From vines with an average age of 65 years, planted on silty-clay soils. Harvest is manual, the grapes picked at perfect maturity during a descending moon into five kilo crates. Once at the winery they are whole-bunch pressed, whereupon the juice flows directly by gravity into casks with the lees and ferments with native yeasts. Elevage is 26-months months on fine lees, 80% in used oak and 20% in tank. The wine is not filtered or fined and no sulphur is added. Really textural with a lovely play between saltyness and minerality. Gives a new style to Macon-Chaintré.

Notes on the Producer

Maison Valette, based in Chaintré in the south of Burgundy between Mâcon and Beaujolais, comprises 8.5 hectares and is run by one of the region’s steadfastly independent families who have worked the estate for three successive generations, first as tenants and now today as owners. The day to day running of the estate is mostly handled by Gérard’s sons Philippe and Baptiste.

After finishing wine school in 1990, Philippe Valette made the decision to convert the vineyards to organics. The next two years were full of trial and error considering his wine education never included anything about organic viticulture.  Valette eschews chemicals in their viticulture in favour of careful nurturing of the soils and vines. In order to obtain ‘terroir’ wines, they do a great deal of work on the microbial life of the soil, so that the vines will thrive there. To achieve this, he aerates the soil by tilling or grassing, depending on the geographical and geological configuration of the plot.
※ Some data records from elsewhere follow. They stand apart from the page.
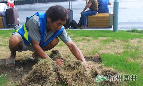 烈日下,他們?cè)谶M(jìn)行苗木養(yǎng)護(hù)工作,美景,離不開(kāi)他們的辛苦付出
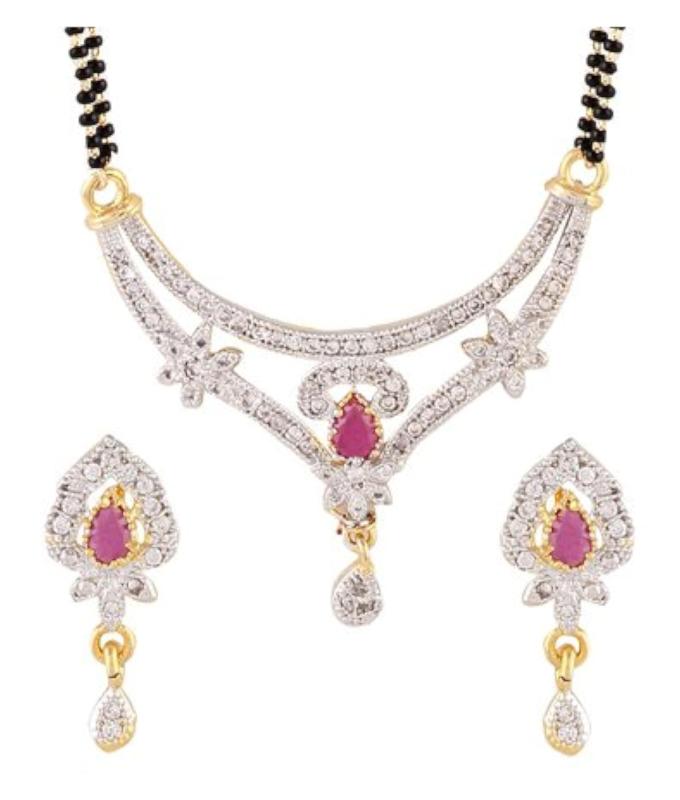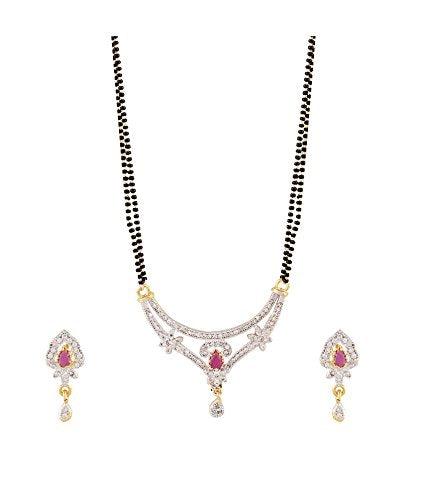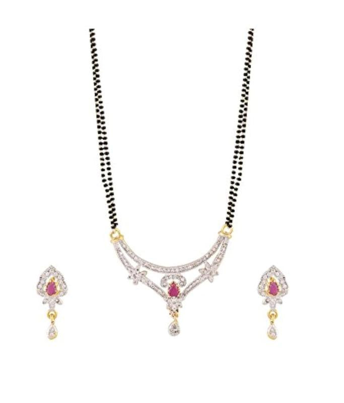 Elegant and stylish mangalsutra set featuring American diamond plating. Includes a matching chain and earrings for a complete look.
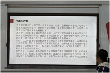 七年级七班的甄可馨、李怡然同学就江汉军区革命旧址和发生在此的英雄事迹进行了深刻的分享。她们指出,江汉军区作为一处重要的红色精神传承地,对于教育意义重大。这里不仅是解放战争时期江汉军区司令部的所在地,而且承载了丰富的革命历史和英雄事迹。通过她们的分享,学生们可以更直观地了解到70多年前江汉军区司令部在这里运筹帷幄,指挥大江汉地区的军事斗争,为红旗漫卷荆楚大地作出了不可磨灭的贡献。这样的历史背景和英雄事迹,不仅让学生们学习到了革命精神,也启发他们要传承这种精神,将其融入到日常学习和生活中,培养坚韧不拔、勇于奋斗的品格。
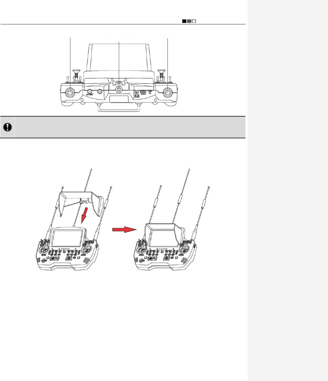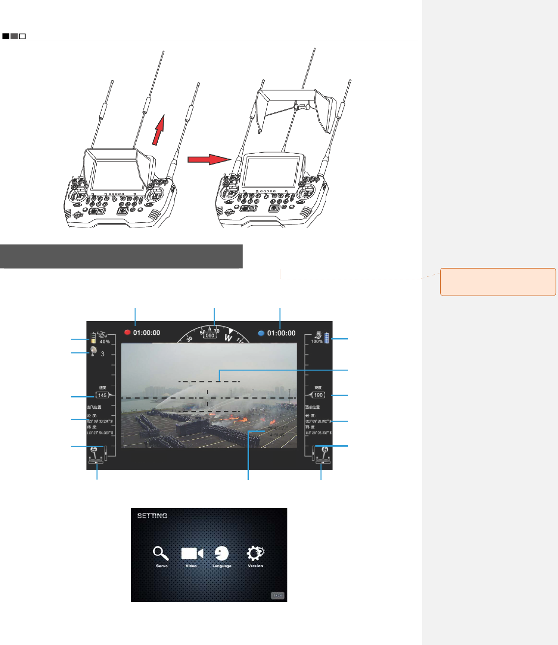 * Before flying, please make sure that the video and radio antennas have been properly installed to avoid influence
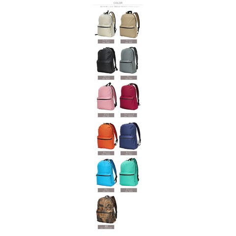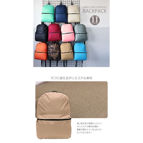 シンプル×大容量! 全11カラーの万能リュック! 《シーンを選ばず使えるシンプルデザイン》 飽きがこない!スッキリとシャープな印象の全11色のシンプルリュック! 普段使いはもちろん、ママリュックとしても○。また旅行や 普段の通勤・通学にも幅広くお使い頂けるデザインになっております。 カジュアルスタイル・上品なきれいめコーデにも自然と馴染む シンプルスタイルのリュックサックは持っていると重宝する事間違いなしの 鉄板アイテムですよ? 《ショルダーストラップは調節が可能》 ショルダーストラップは 自由に長さ調節が出来るので、 お好みに合わせて調節してください。 《物の出し入れがしやすい!大きく開くメイン開口部》 メインコンパートメントは、雑誌やタブレット。 また普段持ち歩いているスマホや サイフ・小物類を入れてもまだまだ余裕のある大容量さ。 さらに前面にジップ付の小物ポケットも付いているので、整理がしやすく 使い勝手の良い仕上がりになっています。 《生活防水仕様で荷物も安心!》 リュックサックの裏側は、裏生地加工を施した生活防水仕様となっています。 日常生活でかかる水滴程度なら耐えられる、うれしい機能となっていますので、 中に収納した荷物も安心! 表面の生地は水分等の染み込みがあるかと思いますが、 ご使用前に防水スプレーを施すと、より安心してお使い頂けるかと思います。 ※完全防水ではございません。またファスナーや縫い目から水が染み込む 恐れがございますので、ご注意ください。 《防災グッズの非常用持ち出し用袋としても》 非常時にすぐに持ち出せる場所に置いておける最適なサイズで、防災用品を収納できる非常用持ち出し袋としても活躍します。 懐中電灯・ラジオ・水・食料・救急セットなどの必需品をしっかり収納可能。 急な災害時にも、さっと背負って安全に避難できます。 選ぶのも楽しい全11色のカラーバリエーション! 使い勝手の良いシンプルリュックは、一つは持っておきたい鉄板アイテム! 通勤通学や普段使いはもちろん、旅行やハイキング・キャンプ・防災の非常用持ち出し袋など様々なシーンで活躍する事間違いなし! |
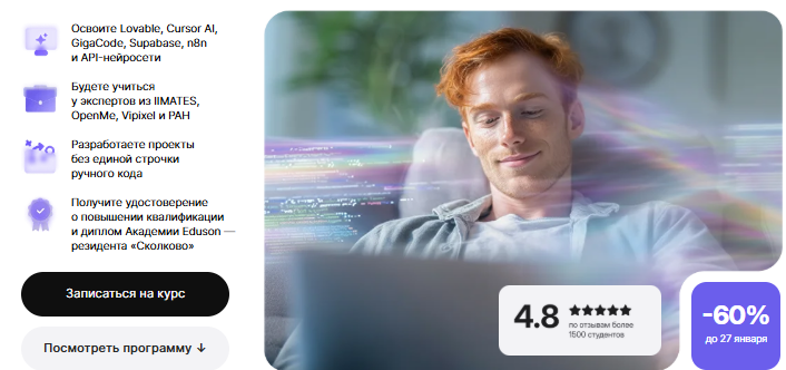 - Итоговый проект: разработаете fullstack-приложение с помощью вайб-кодинга
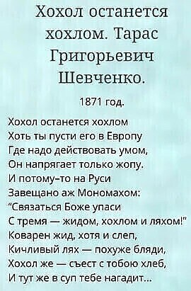 Фейк о фальшивом стихотворении Шевченко, его автор, и его роль в пропаганде ненависти.
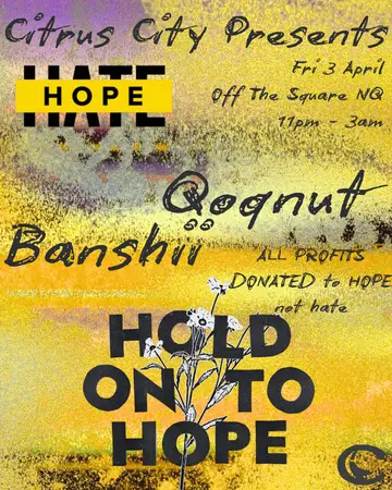 Citrus City x HOPE not hate takes place at Off The Square in Manchester, United Kingdom on Friday, April 3, 2026. Featuring Qoqnut, BANSHII. Techno, House.
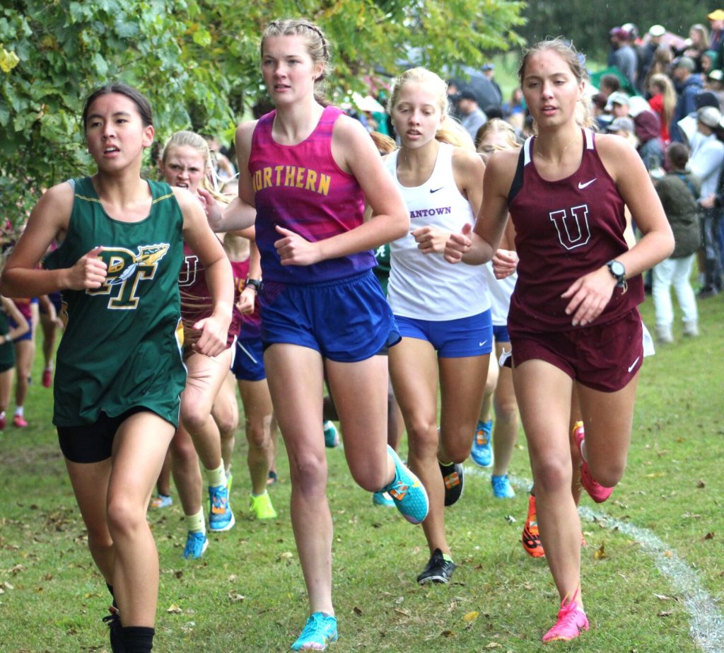 Jim DowneyUniontown’s Emily Angelo (right) runs with a pack off runners early in the 2023 A.J. Everhart Invitational at Penn State Fayette.
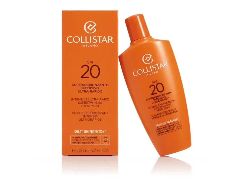This revolutionary, one-of-a-kind sun product ensures an unprecedented tanning effect. Strict tests have shown that it speeds up and boosts tans thanks to the combination of Unipertan® - an exclusive energizing tan intensifier that is an essential ingredient in Collistar's sun products - with oleoyl tyrosine, betacarotene and carrot extract to boost its effectiveness. A genuine tan activator, the product stimulates, accelerates and increases the natural production of melanin, thereby allowing you to tan quickly, even when the sun is less intense. But that's not all: it also ensures your tan is brighter and lasts longer. Its formula, rich in Vitamin E, glycerol and precious plant oils, protects from the drying action of wind and salt and has an intense nourishing, moisturizing and anti-age effect. When used a few days before, it helps prepare the skin for the sun.
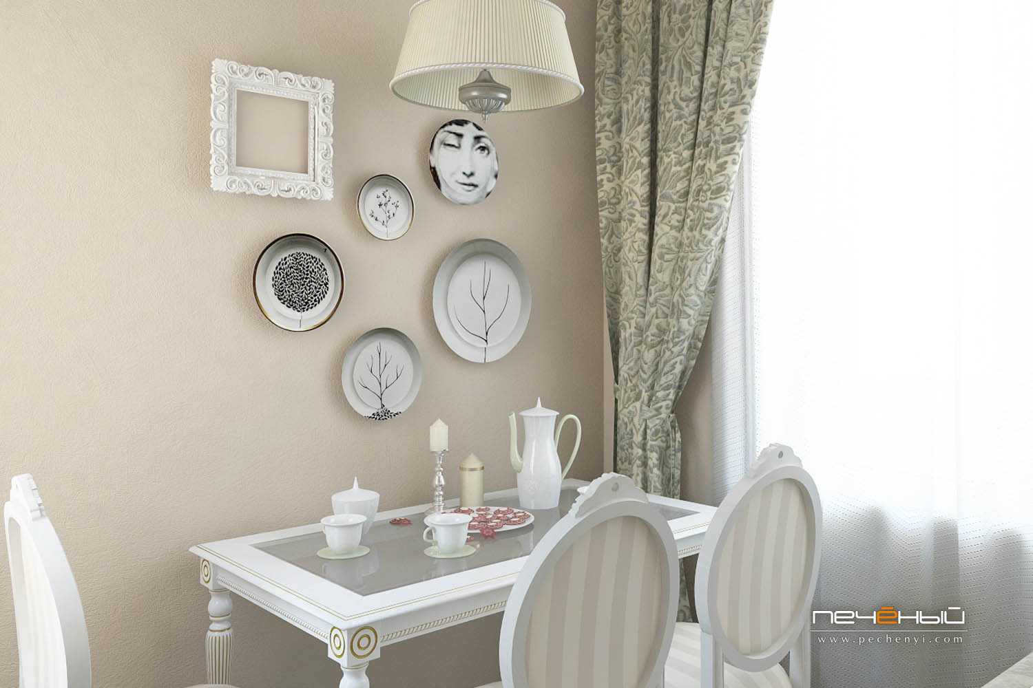 Обеденная зона должна иметь хорошее освещение. Стол лучше всего поставить возле окна. В дизайне кухни должны преобладать мягкие постельные оттенки. Для пола следует применять паркет, ламинат, плитку. Они впишутся в почти каждое помещение. Можно сделать многоуровневый потолок, над обеденной зоной расположить композицию из светильников. При покрытии стен нужно использовать водостойкую краску или моющие обои.
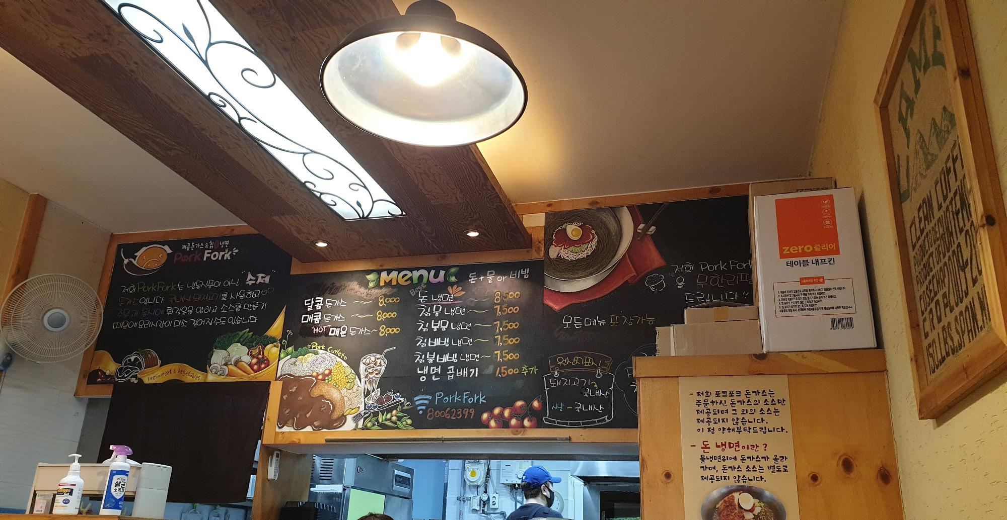 동백 맛집 포크 포크 돈가스와 칡냉면
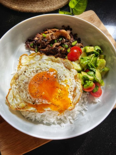 I had paired the Pan fried Oyster Mushroom with Rice, salad & a sunny side up which is a complete balanced meal.
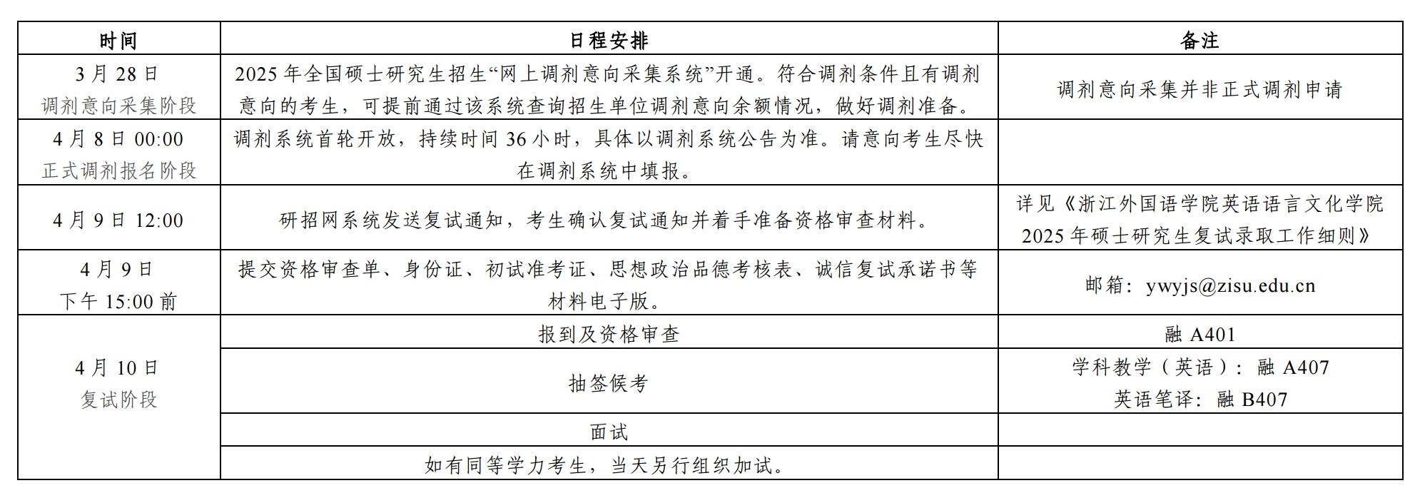根据2025年公司招生计划和一志愿拟录取情况,公司学科教学(英语)专业、英语笔译专业有部分调剂名额。欢迎有意向调剂公司的考生密切关注公司研究生招生网和公司网站。现将相关信息公告如下:
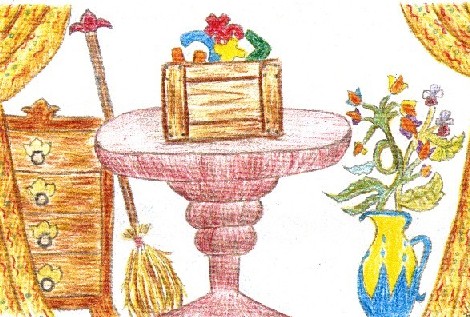 いることに気づきました。魔女は、白い歯を見せて笑うと、木箱の中を指差しました。
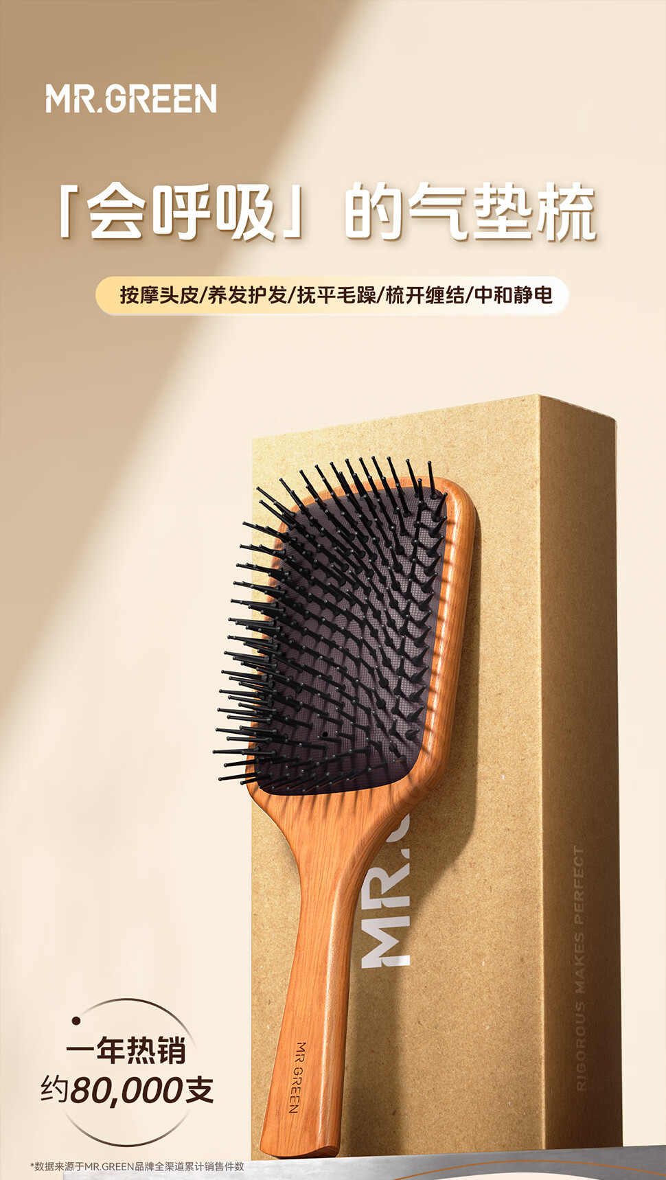 MR.GREEN德国气垫按摩梳子女气囊蓬松防静电木梳男士礼盒伴手礼物Mr-7501
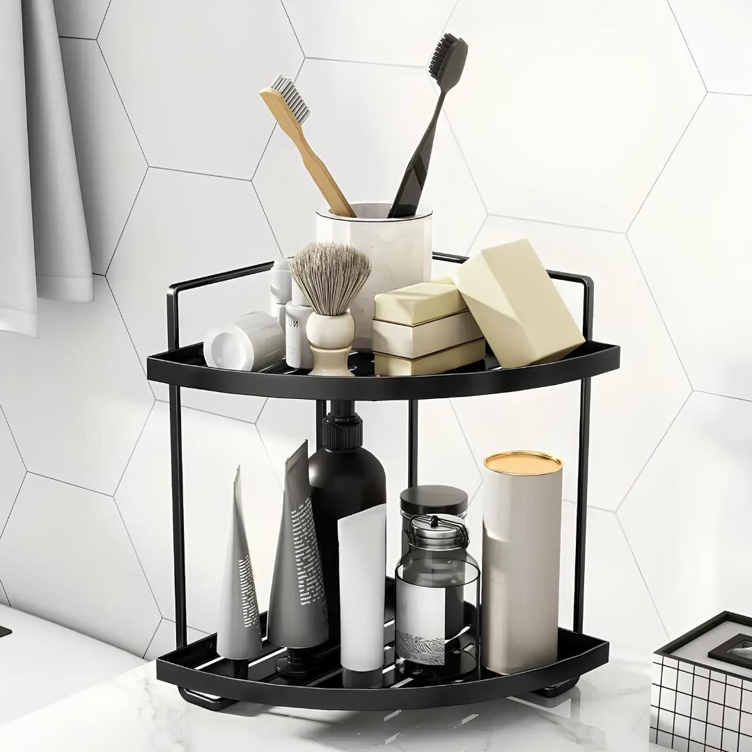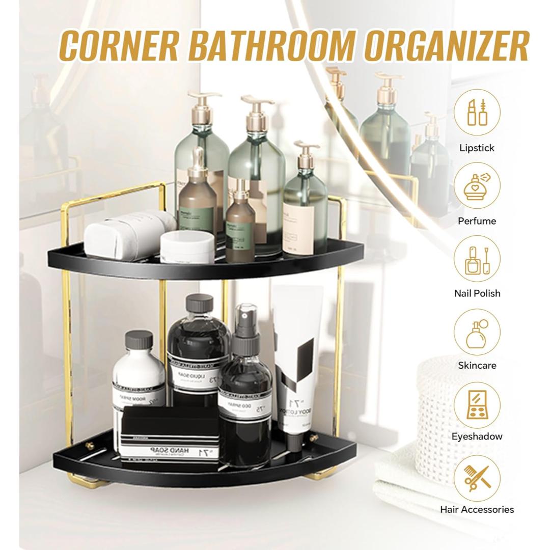 Maximize your counter or vanity space with this elegant 2-tier corner organizer. Perfect for storing and displaying perfumes, makeup, and skincare essentials, all while keeping them easily accessible.
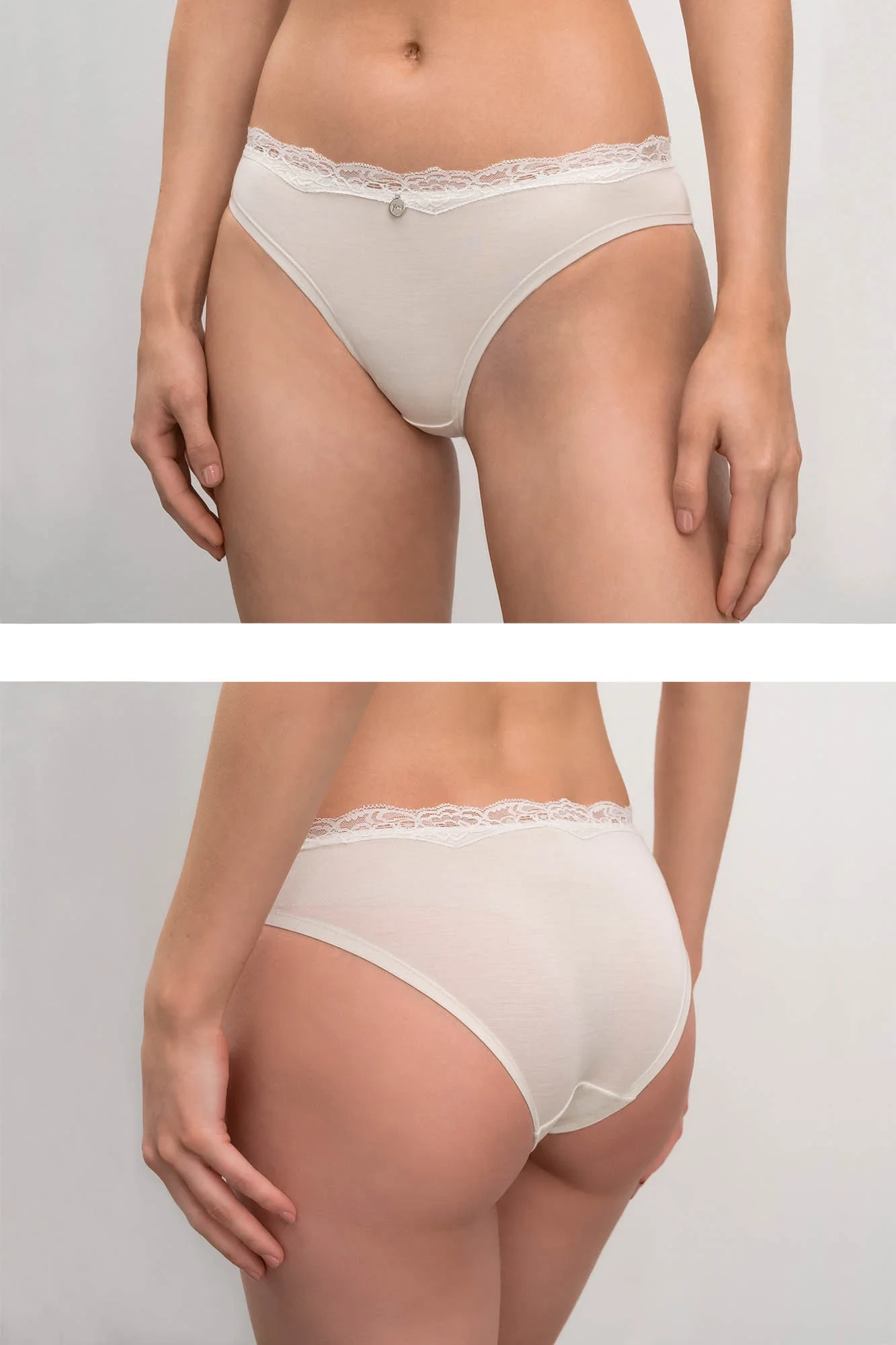 Pohodlné jednobarevné dámské kalhotky s krajkou, které jsou vyrobené z vysoce kvalitního Micro-modalu s příměsí Elastanu. Přírodní Micro-modal poskytuje vyjímečnou měkkost, lehkost a pohodlí, je prodyšný, při praní se nesráží, dobře absorbuje pot a rychle schne, zatímco Elastan dodává oděvu potřebnou pružnost.

In this way, well-balanced grapes are obtained and they are left on the vines until they are perfectly ripe.

Harvesting is done by hand, in little crates; a gentle pneumatic press is used; work is done by gravity rather than pumps, followed by light settling, all without any sulphur. The wines undergo long yet subtle barrel ageing and are unfiltered, unfined, and unsulphured. Certain cuvées may even be subject to eight years of ageing, like their legendary Clos de Monsieur Noly. A level of density and complexity seldom reached in this region, sometimes complemented by beautiful oxidative notes, which, alas, are not always understood by the uninitiated.